School Systems, Culture and Priorities

  • 🏫 The way in which a school classifies RE matters. If RE is not treated as a discrete subject, issues can arise. For example, in primary, a topic-based approach can fail to include sufficient RE content.

  • ⏰ An important consideration for leaders is whether the time allocated for RE is sufficient to deliver a curriculum with an ambitious scope.

  • 👩🏼‍🏫 Who teaches RE is another consideration. There is variation across the sector in the qualification of the teacher. Regardless of who teaches RE, it is important to consider whether their subject-specific training and expertise is sufficient to deliver high-quality RE.

  • 🎓 Pupils should be taught by teachers who have secure subject and curriculum knowledge, who foster interest in the subject among pupils, and who are equipped to address pupils’ misunderstandings and misconceptions.

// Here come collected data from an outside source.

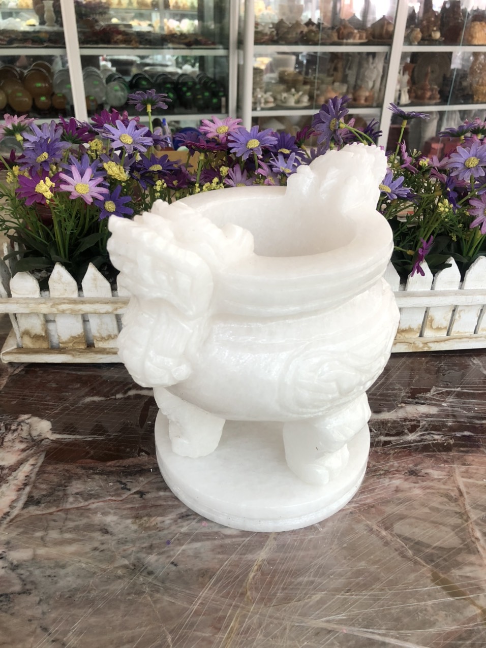 ✨Lư hương, bát hương, bát nhang chạm rồng trang trí bàn thờ, mộ đá cẩm thạch trắng - Cao 20 cm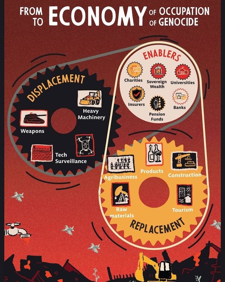 Estos actores han consolidado y expandido la lógica colonial israelí de desplazamiento y reemplazo, y esto no es accidental: es la función de una economía construida para dominar, desposeer y expulsar a los palestinos de su tierra.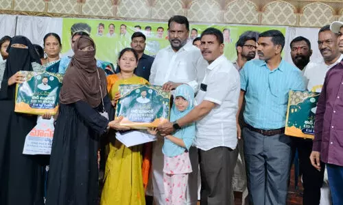 ధర్మపురి: కాంగ్రెస్ పార్టీ సెక్యులర్ పార్టీ అని దేశంలో అన్ని మతాలను కులాలను గౌరవించే పార్టీ కాంగ్రెస్ పార్టీ అని రాష్ట్ర సాంఘిక సంక్షేమ శాఖ మంత్రి అన్నారు. రంజాన్ పండుగ సందర్బంగా ముస్లీం సోదర, సోదరిమణులకు గురువారం ధర్మపురి పట్టణంలోని ఎస్ఎచ్ గార్డెన్ లో తోఫా పంపిణీ కార్యక్రమంలో మంత్రి అడ్లూరి లక్ష్మణ్ కుమార్ పాల్గొన్నారు.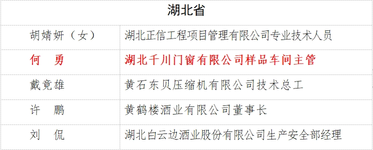 近日,国家人社部发布了全国轻工行业劳动模范和先进工作者拟表彰对象名单公示,湖北省共入选5名国家级劳动模范,其中来自我市湖北千川门窗有限公司样品车间主管何勇光荣上榜。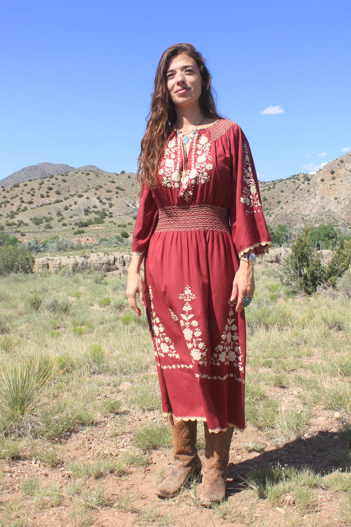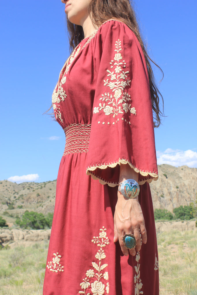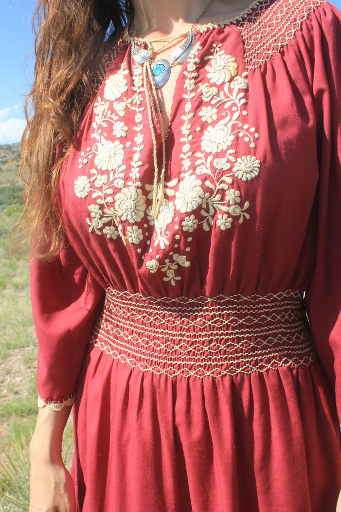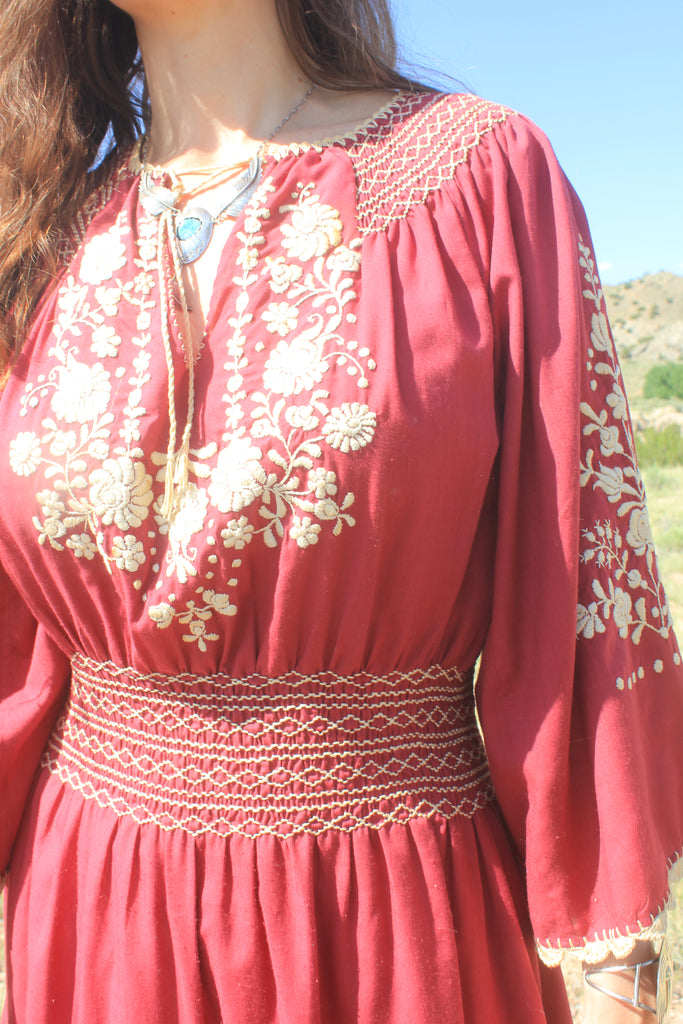 Vintage Hand Embroidered Hungarian Folk Dress M/L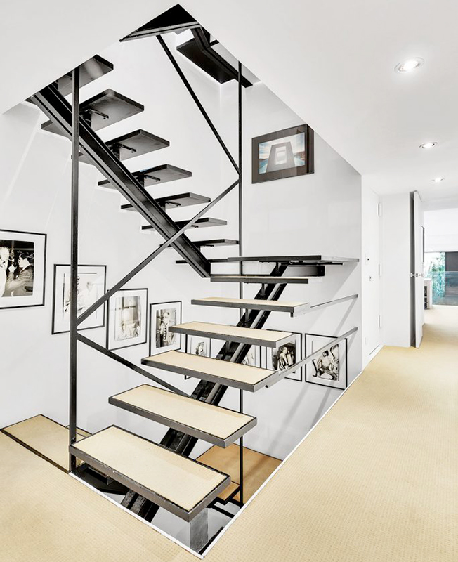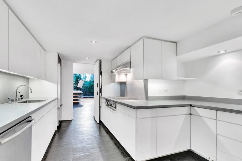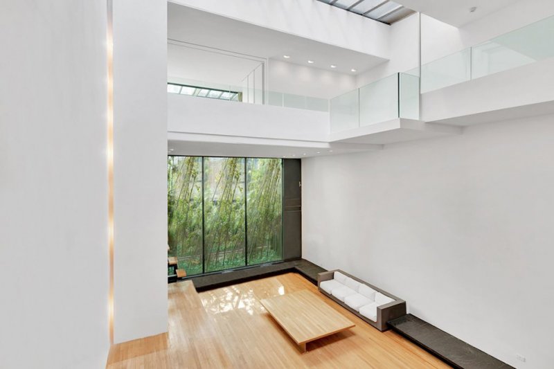 Мансардное окно и высота потолка, которая в главной гостиной достигает 9,7 метров, добавляют ощущение воздуха, не лишая при этом пространство домашнего уюта. На площади 696 кв. метров разметились еще две гостиные, четыре спальни, в том числе мастер-люкс двойной высоты с современной гардеробной, пять ванных комнат, кухня и бар. В доме есть лифт, а также гараж, терраса на крыше (148 кв. метров) и оранжерея на заднем дворе.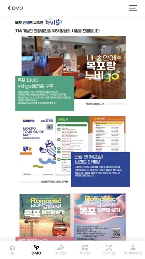 ‘목포랑 누비go’는 2020~2023년 지역관광 추진조직 DMO 사업에서 선정된 (재)목포문화재단의 목포관광 활성화를 위한 어플리케이션이다. 목포는 4대관광 거점도시로써 Zero Waste, Net Zero 등의 ESG관광을 선도하고 일주일 살기 및 목포관광 트레킹 등 다양한 관광사업을 매년 지속사업으로 추진중이다. 무궁한 매력을 가진 목포를 국내·외 관광객에게 알리기 위한 사업으로, 목포랑 누비go 앱은, 친환경 활동을 통한 포인트 적립기능, 원도심지역 카페 할인쿠폰, 트레킹 지도, 만보기, 다양한 목포의 먹을거리와 즐길거리를 직관적으로 보고 느낄 수 있도록 제작되었다.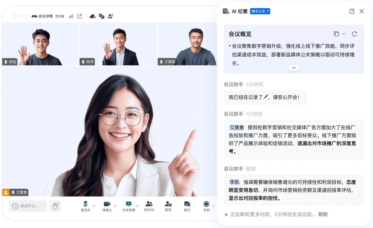 騰訊會議AI紀要,會主動總結會議內容的AI紀要。開啟后僅自己可見,幫助你智能識別關鍵紀要,實時追蹤關鍵進展。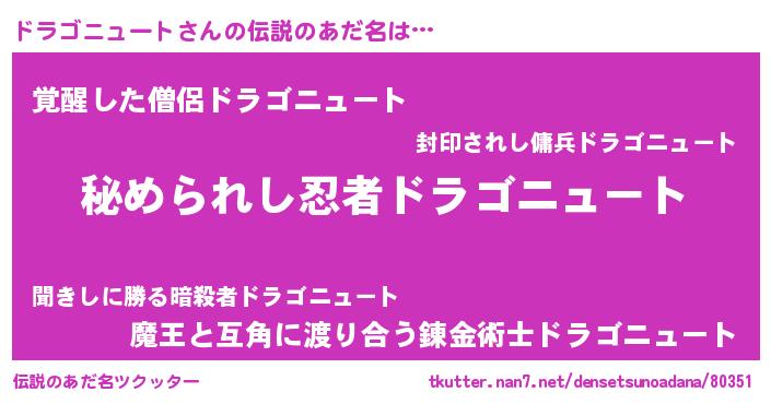 | 女子向けラノベタイトル風あだ名 | 『ドラゴニュートなんてお断りですっ。』 |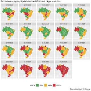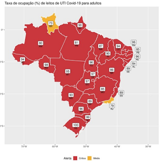 Currently there are 24 states and the Federal District, among the 27 federative units, with rates equal to or greater than 80%, with 19 of them exceeding 90%. The situation is absolutely critical. As in previous bulletins, we draw attention to the fact that the situation of the Covid-19 pandemic is very serious. One set of indicators, including the moving averages of cases and deaths and occupancy rates of Covid-19 ICU beds for adults, point to an extremely critical situation or even collapse, across the country.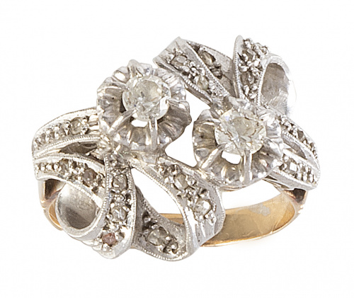 Sortija años 60, de brillantes con dos brillantes entre cintas entralazadas de diamantes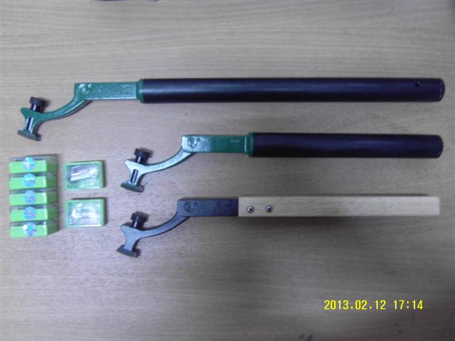 6. คมมีดอีกด้าน ใช้แซะหน้ายางหน้าต่ำ ๆ ได้ดี มีดแบบเก่าหมดสิทธิ์ เพราะปลายด้ามค้ำพื้นดิน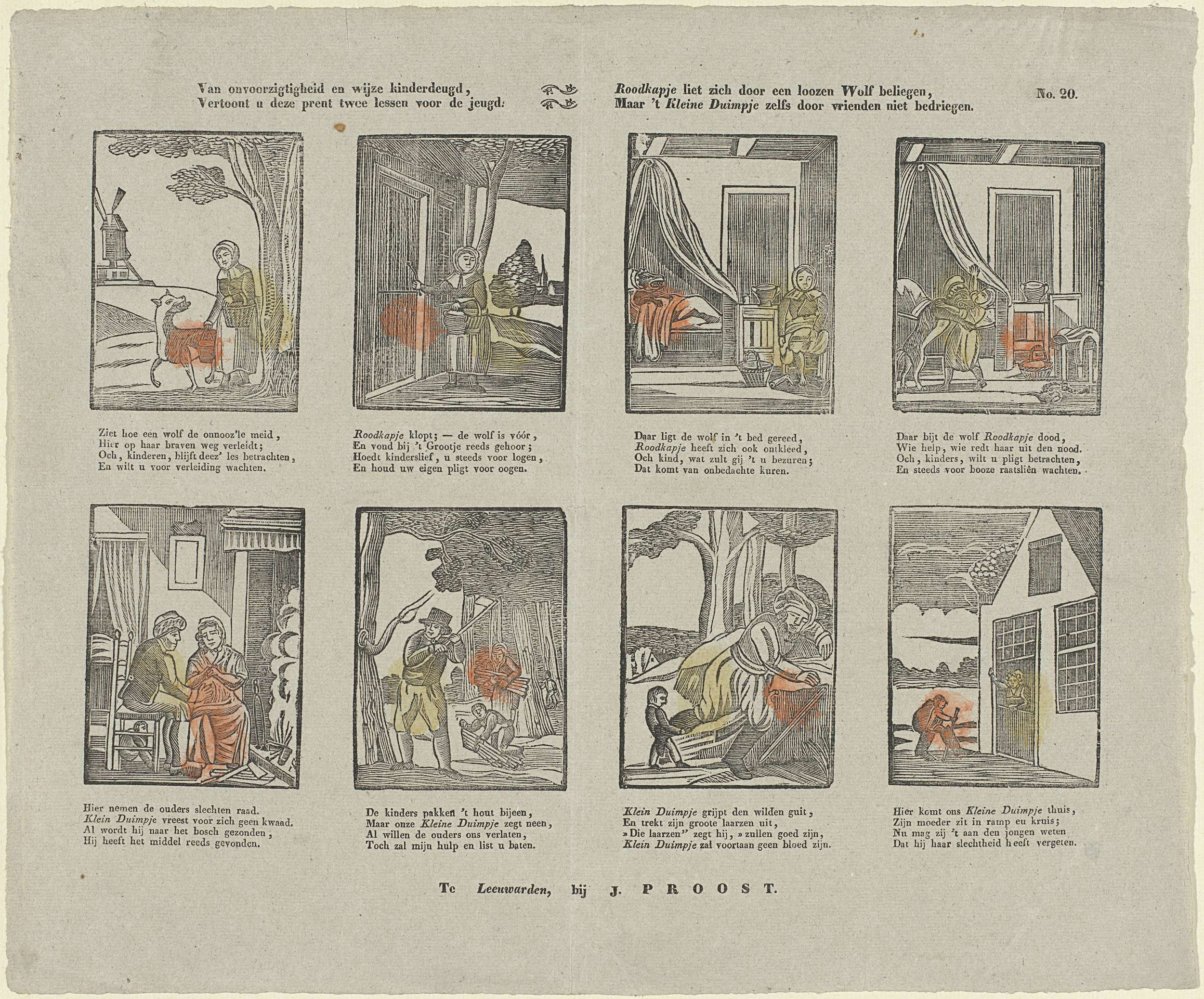 Blad met 8 voorstellingen. De bovenste vier afbeeldingen tonen het verhaal van Roodkapje. De onderste vier voorstellingen tonen het sprookje van Klein Duimpje. Onder elke afbeelding een vierregelig vers. Genummerd rechtsboven: No. 20.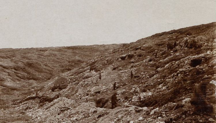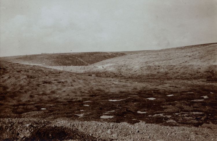 Above: A German Soldiers photo of the remains of the village of Vaux. The line going diagonally down the hill on the left must be the Ravin des Grandes Houyers. I think Vaux Teich must have been to the photographers left, Fort Vaux behind his right shoulder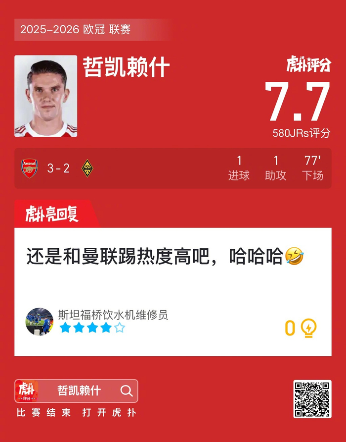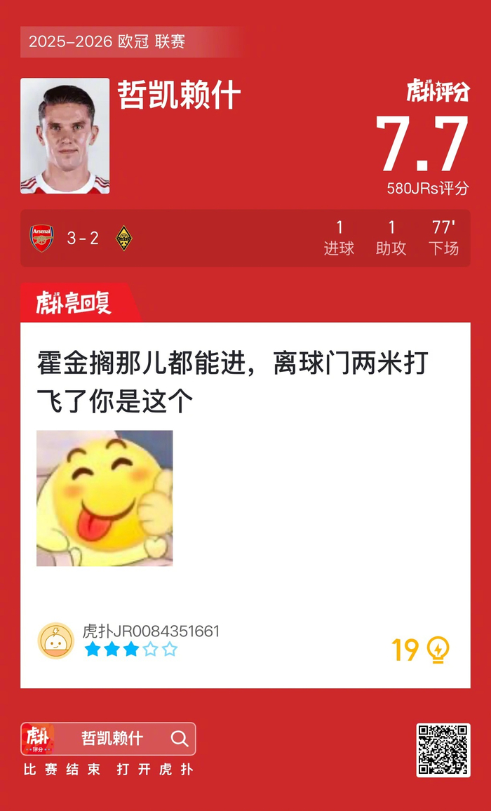 #阿森纳3比2阿拉木图凯拉特#哲凯赖什打进一球贡献一次助攻,收获7.7的虎扑评分!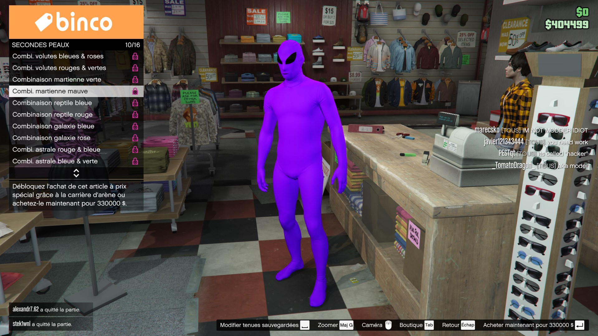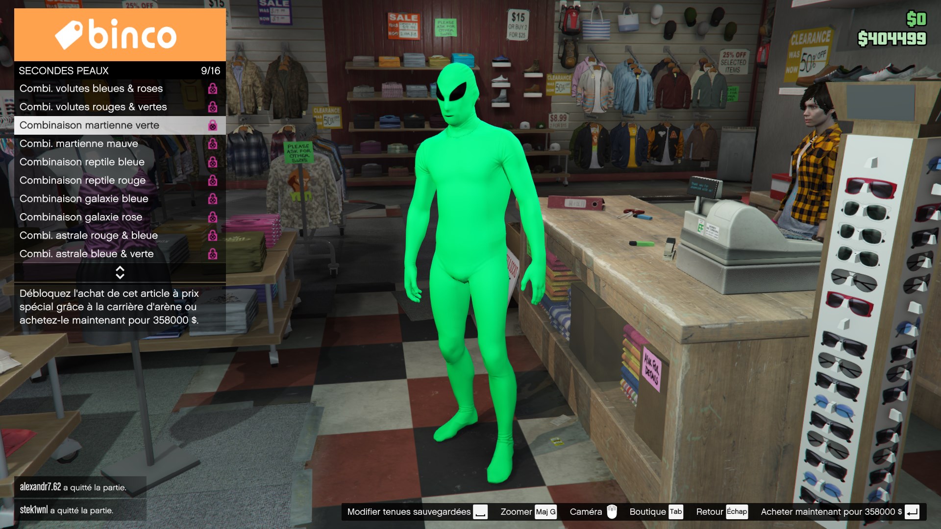 Avant de rejoindre un gang, il faut la bonne tenue et pas mal d’argent. Car pour ressembler à un alien, il faut au minimum 330 000 dollars, à moins d’avoir une carrière dans l’arène.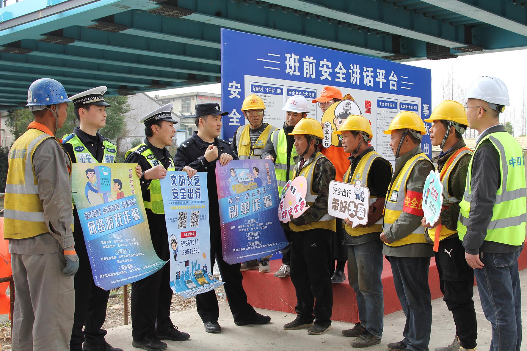 3月11日,上海市公安局嘉定分局交警支隊(duì)、徐行派出所民輔警會(huì)同平安志愿者走進(jìn)滬渝蓉鐵路滬寧段二標(biāo)二分部建設(shè)工地,向務(wù)工人員開展交通安全、人口信息自主申報(bào)、反詐騙等知識(shí)宣講。
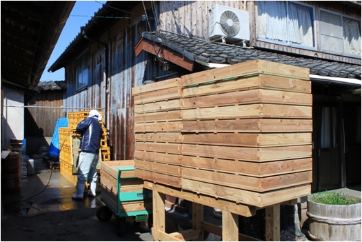 醤油の麹作りに使った、麹箱を洗浄しました。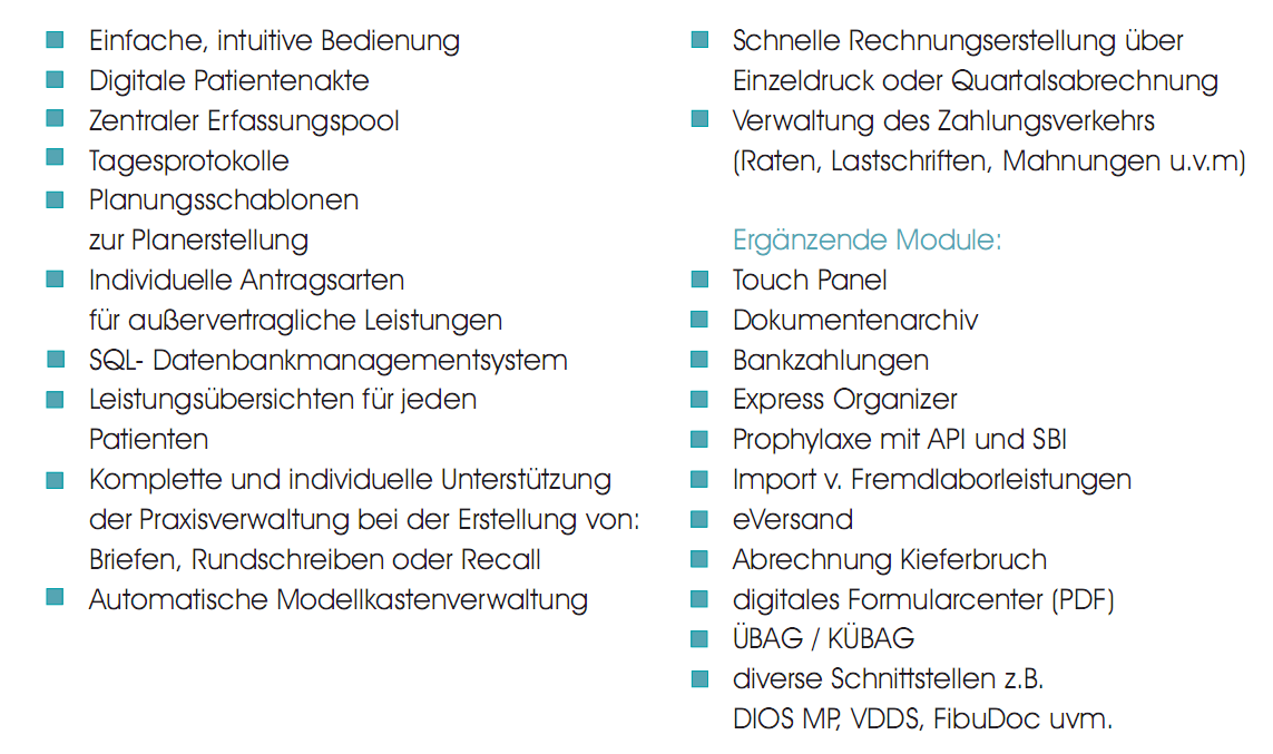 ortho Express kann mit verschiedenen Modulen ergänzt werden, z. B.

  • 🌓 In primary schools, it is likely that around half of teachers lack confidence in teaching RE.

CPD

  • ✅ It would be beneficial for teachers at both primary and secondary to develop in 4 key areas:

    • RE policy

    • RE content knowledge

    • RE pedagogical content knowledge

    • research in RE

  • 📖 RE Policy: teachers need to have clarity over the legal requirements of RE, the locally agreed syllabus, and perhaps some of the developments and changes in RE teaching over the past years.

  • 🕌 RE Content Knowledge: teachers need to have knowledge about RE which is relevant and sufficient to teach the school’s curriculum. Additionally, it is important for teachers to continue developing the depth and breadth of their knowledge and their ‘orientative’ knowledge about the status and perspective of what is being taught.

  • 👩🏾‍🎓 RE Pedagogical Content Knowledge: teachers benefit from knowledge of how to teach a particular subject or topic.

  • 📚Research in RE: teachers need to be supported to engage with educational theory and research findings.